**Exercise data**
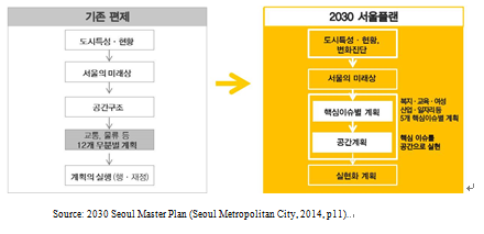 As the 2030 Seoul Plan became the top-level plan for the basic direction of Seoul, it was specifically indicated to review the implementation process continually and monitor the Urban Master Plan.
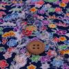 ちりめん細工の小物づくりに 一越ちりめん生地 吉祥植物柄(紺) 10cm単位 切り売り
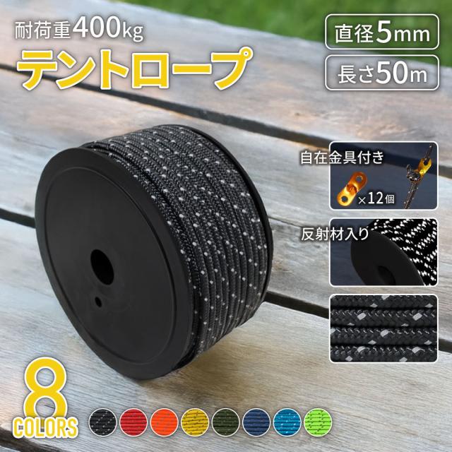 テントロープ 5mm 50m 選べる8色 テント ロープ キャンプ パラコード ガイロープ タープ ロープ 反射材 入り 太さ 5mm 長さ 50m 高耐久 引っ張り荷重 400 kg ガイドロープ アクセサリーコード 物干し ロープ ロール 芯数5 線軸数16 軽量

---

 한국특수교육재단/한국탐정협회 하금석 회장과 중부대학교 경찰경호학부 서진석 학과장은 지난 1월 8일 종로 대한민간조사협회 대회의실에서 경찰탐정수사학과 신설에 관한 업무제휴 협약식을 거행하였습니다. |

**Problem description**
Find the line with "ちりめん細工の小物づくりに 一越ちりめん生地 吉祥植物柄(紺) 10cm単位 切り売り" in the entries above. Set down exactly every line from it up to and including the line with "テントロープ 5mm 50m", images excluded.

**Output of the exercise**
 ちりめん細工の小物づくりに 一越ちりめん生地 吉祥植物柄(紺) 10cm単位 切り売り
 テントロープ 5mm 50m 選べる8色 テント ロープ キャンプ パラコード ガイロープ タープ ロープ 反射材 入り 太さ 5mm 長さ 50m 高耐久 引っ張り荷重 400 kg ガイドロープ アクセサリーコード 物干し ロープ ロール 芯数5 線軸数16 軽量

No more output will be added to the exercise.